Lost in London, episode 1

Happy 150 years anniversary, my dear Tube! Last time when I visited you, you were a bit busy: first, it was the Xmas time when the only way of transportation is with the cab – when for 10 minutes of drive you will pay around 18£ – or with your own feet (more about this later in this post). Second, the small strike on Boxing Day, when you offered the possibility of a lot of human interaction on the buses between people almost dead after dozen of hours of waiting in the front of the shops with impressive sales (at 7am Oxford Street was full of such hunters). 

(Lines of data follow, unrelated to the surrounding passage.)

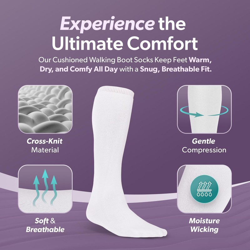 - ONE SIZE FITS MOST: This universal, high top sock (19 inches tall) fits women's and men’s left or right feet and is available in a single or 2-pack option. Compatible with short or tall walking boots.
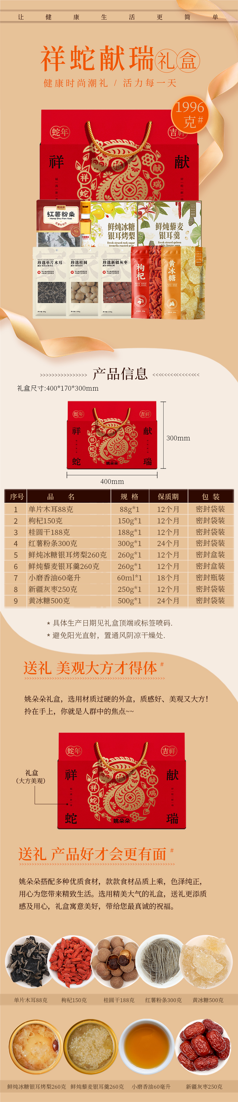 商品名称:姚朵朵祥蛇献瑞食品礼盒1996g+60ml
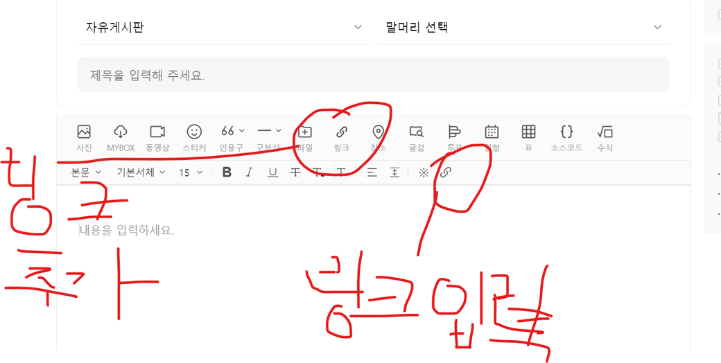 PC에서 글쓰기할때 아래 있는 작은 링크를 사용하시면 이미지나 특정 텍스트에도 링크를 걸수 있는 용도입니다.
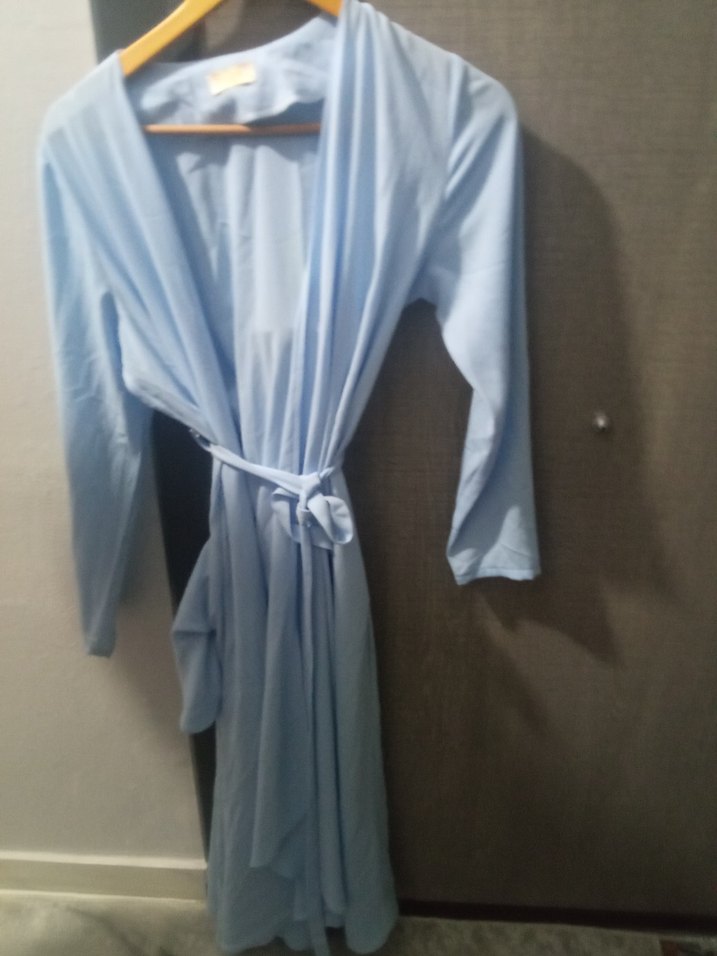 Uzun, bol kesim kadın bornoz, pastel mavi renkte ve minimalist tasarıma sahiptir. Askılı kollu ve kuşaklıdır, sade ve rahat bir görünüm sunar.
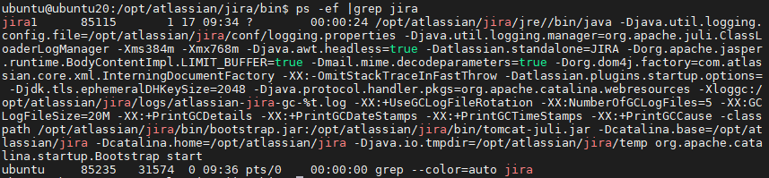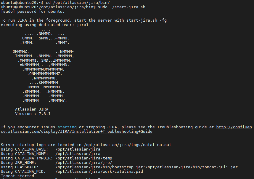 cd /opt/atlassian/jira/bin/ //跳转到jira目录 sudo ./start-jira.sh //运行jira
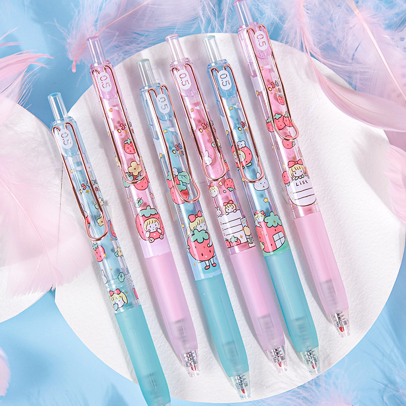 蜜桃说金属夹按动式中性笔水笔签字笔子弹头黑色0.5mm考试水笔 高颜值笔可爱的笔 好看的笔 女生笔少女心可爱
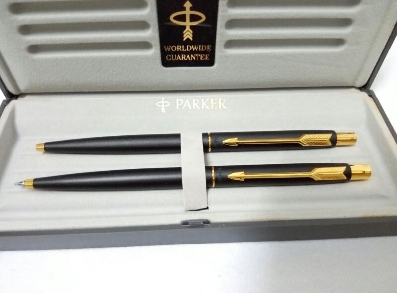 Parker Classic ballpoint pen and mechanical pencil set from the 1980s. Matte black finish with gold plated trim. Made in USA. Both ballpoint and pencil are in like new condition with no signs of usage. In Parker original box.
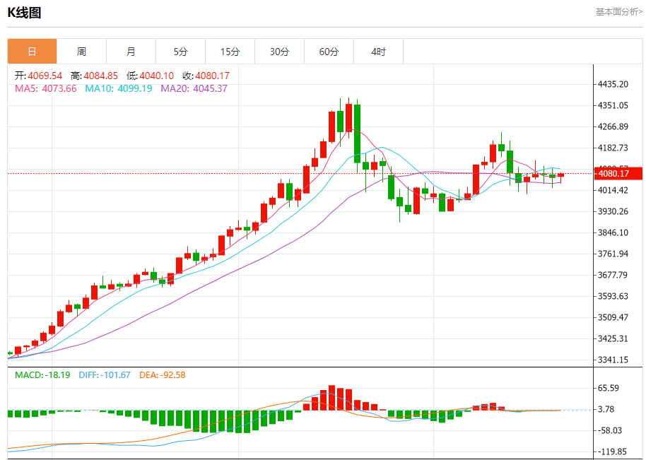 现货黄金:截止北京时间21:20,现货黄金上涨,现报4080.49,涨幅0.36%。纽市盘前,(黄金)价格在最后一个交易日上涨,利用了其在短期基础上沿着次要看涨趋势线交易所代表的动态支撑,尽管如此,价格仍处于负面压力下,因为其交易低于EMA50,并伴随着相对强度指标上负面信号的出现。
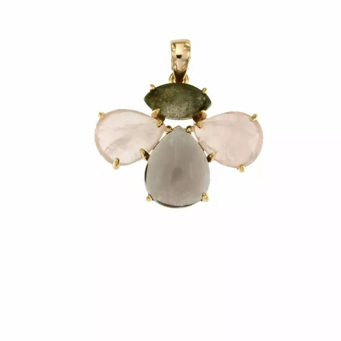 Colgante en oro champán y piedras naturales talladas a mano en forma de abeja, combinando distintos tonos para crear una pieza original y especial. Combinable tanto con cadena como con nuestros cordones de cuero, aportará alegría y color a todos tus looks.
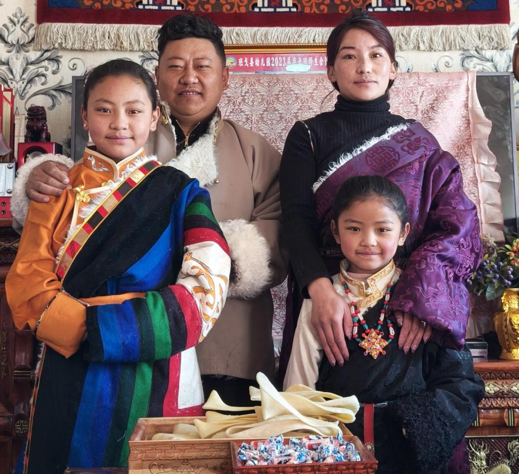 多吉熱旦一家在新房里的合影。新華社發(fā)
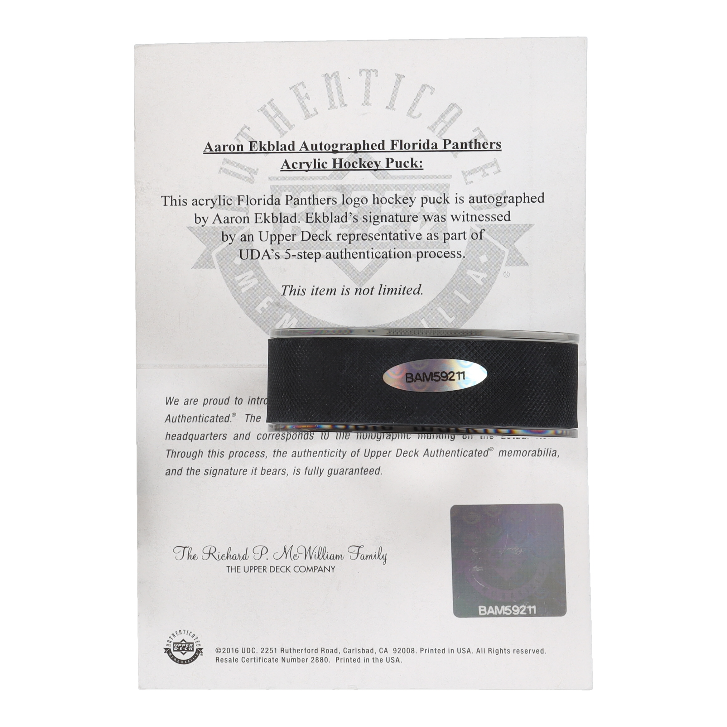 Aaron Ekblad Signed Panthers Logo Commemorative Hockey Puck (UDA)
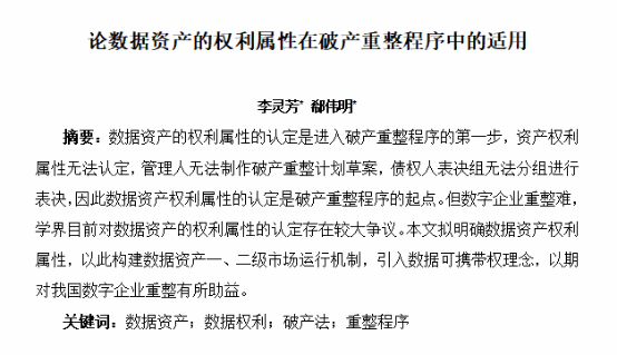 我校Rule34 22级法律(非法学)硕士研究生李灵芳积极投稿《论数据资产的权利属性在破产重整程序中的适用》并由中国商业法研究会2023年年会论文集全集收录。文章重点阐述了数据资产的财产属性、人身属性对数字企业进入破产重整程序后的影响以及学界目前对数据资产权利属性认定存在的较大争议,文章拟明确数据资产权利属性,提出基础构建数据资产一、二级市场运行机制,引入数据可携带权理念,以期通过对法学理论在实践中的应用研究,对我国数字企业重整有所助益。
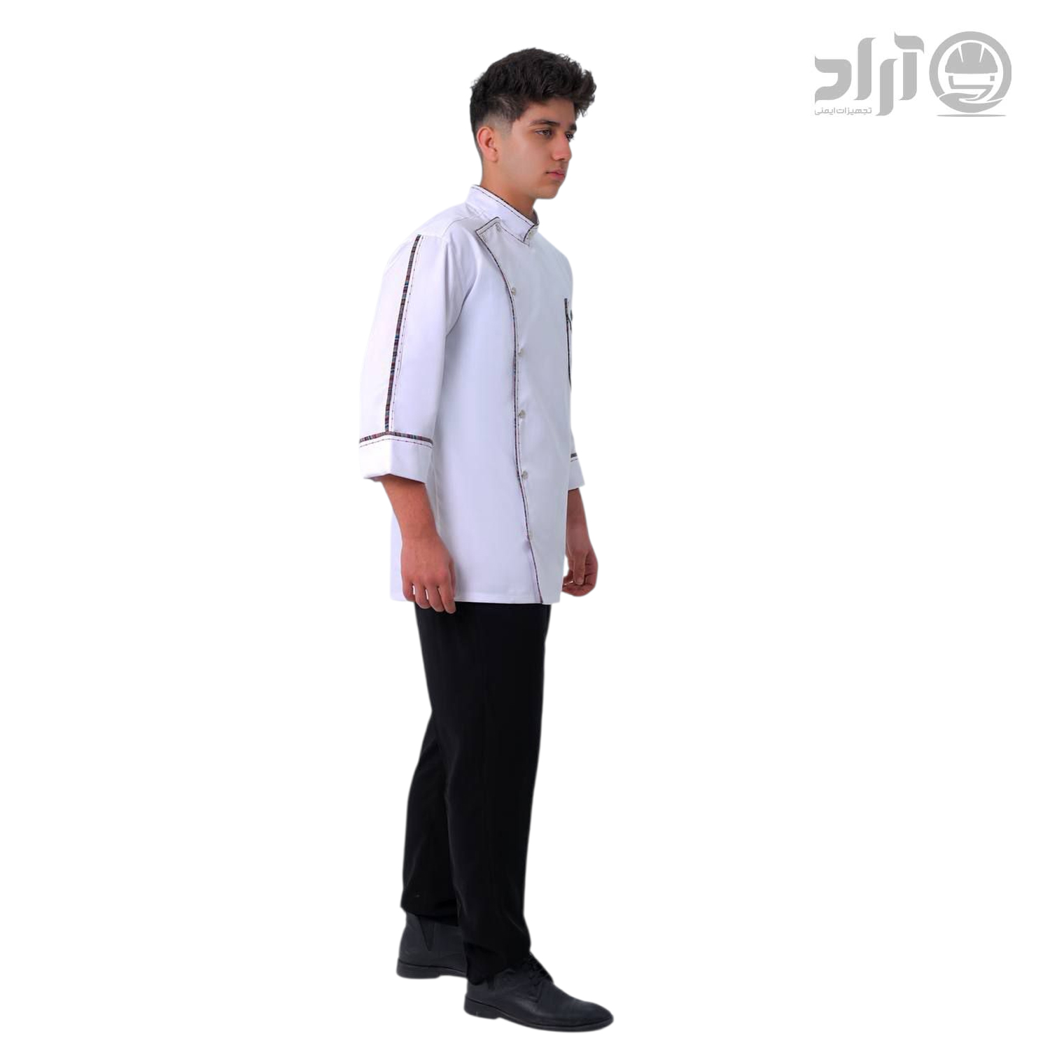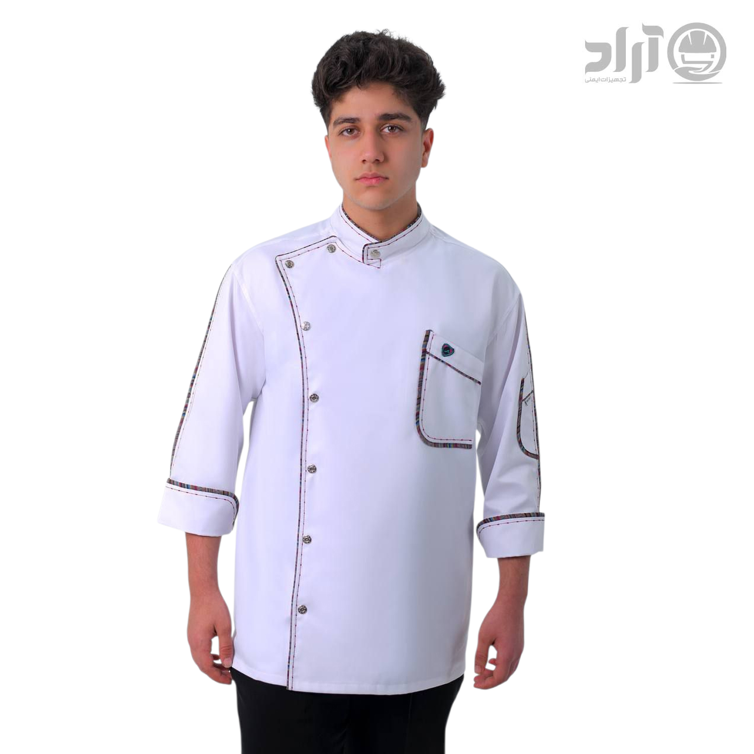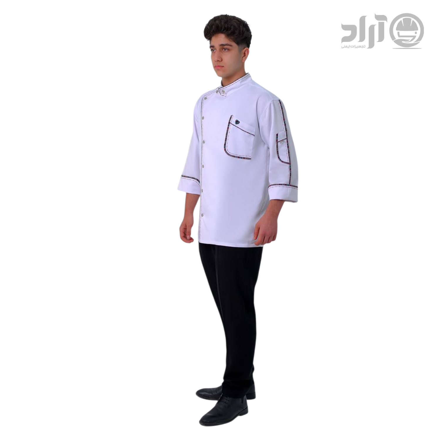 روپوش هیراد سفید با پارچه کجراه مقاوم و دوخت فول اتوماتیک، نماد نظافت، دقت و استاندارد های بالای بهداشتی برای محیط های حساس مانند قنادی ها و رستوران های لوکس است.
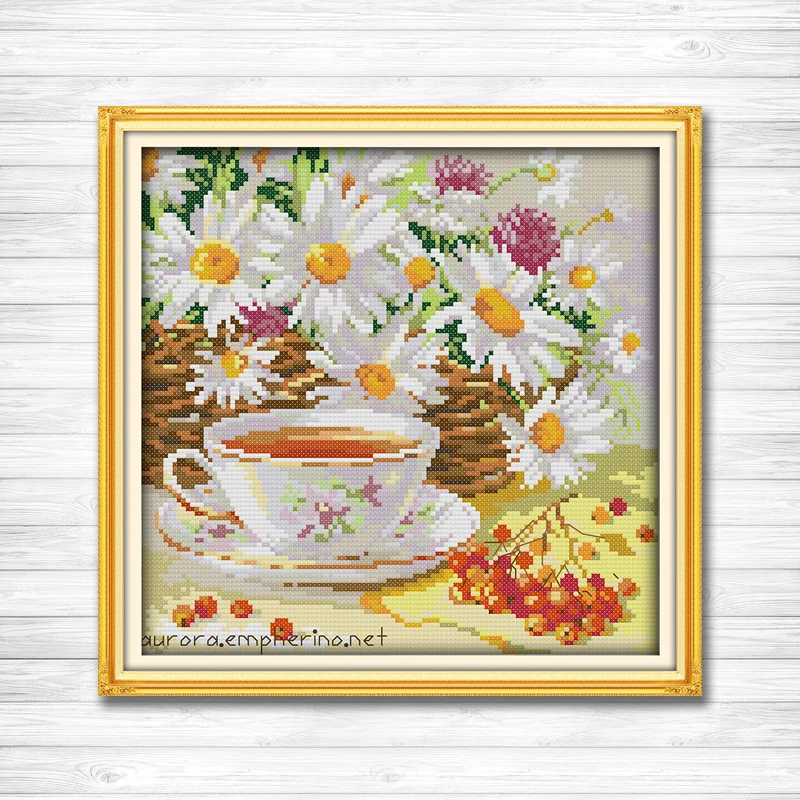 Afternoon tea coffee flowers Daisy painting counted printed on canvas DMC 11CT 14CT kits Cross Stitch embroidery needlework Sets
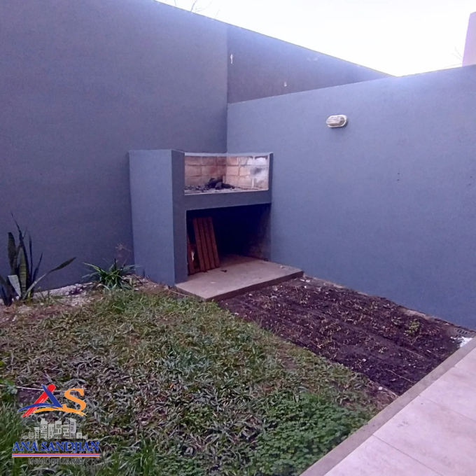 PB: jardín, garage y baño de servicio. Pa: cocina comedor integrada. 2do piso: 2 dormítorios con placares y baño. Apto credito
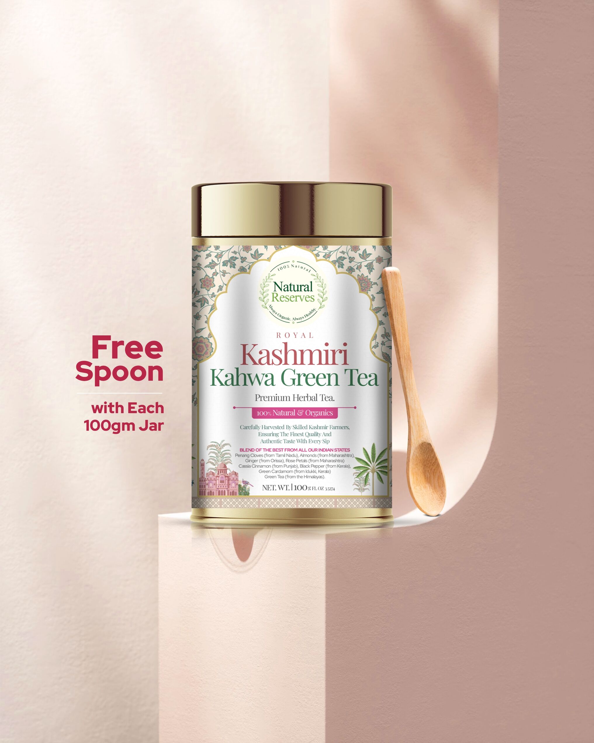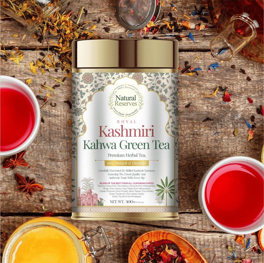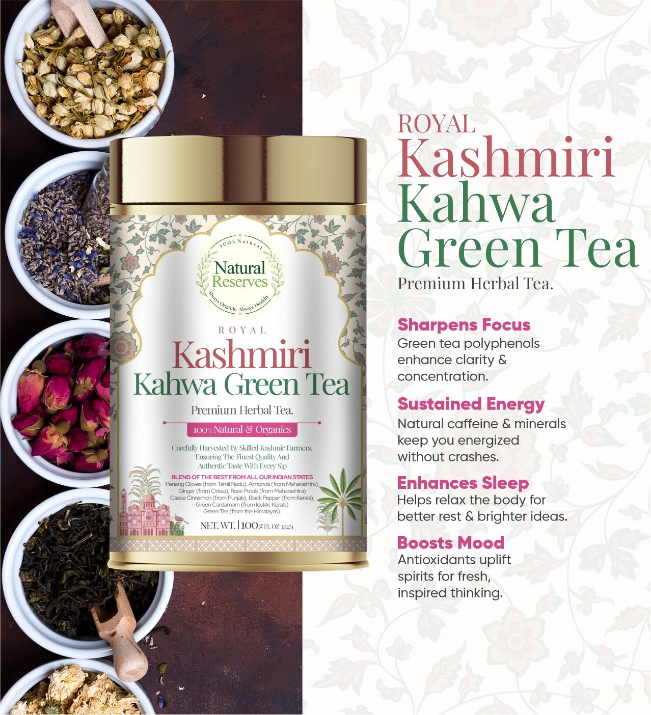 Experience the timeless tradition of Kashmiri tea culture with Natural Reserves Kashmiri Kahwa Green Tea. A luxurious blend of premium green tea and aromatic spices, our Kahwa offers a delightful taste of Kashmir in every sip.

I visited London several times and almost each time I encountered some little stupid and unexpected problems. I remember when once I was a couple of days before getting my first pair of glasses (apparently was living with a -5 myopia for years, but did not care for not seeing clearly the world) and wanted to much to go in the London Eye. Everything was blurred, as usual, and as we were getting higher, I was more and more panicking thinking ‘what if this time we go to the top and never come back on the ground into one piece’. I was ignoring the fact that a couple of hours before I was higher in the sky, running fast among clouds to reach London with the help of a very cheap flight line. Meanwhile, the Eye was the work of the great British Airways – with whom I had the most amazing flight in my life. 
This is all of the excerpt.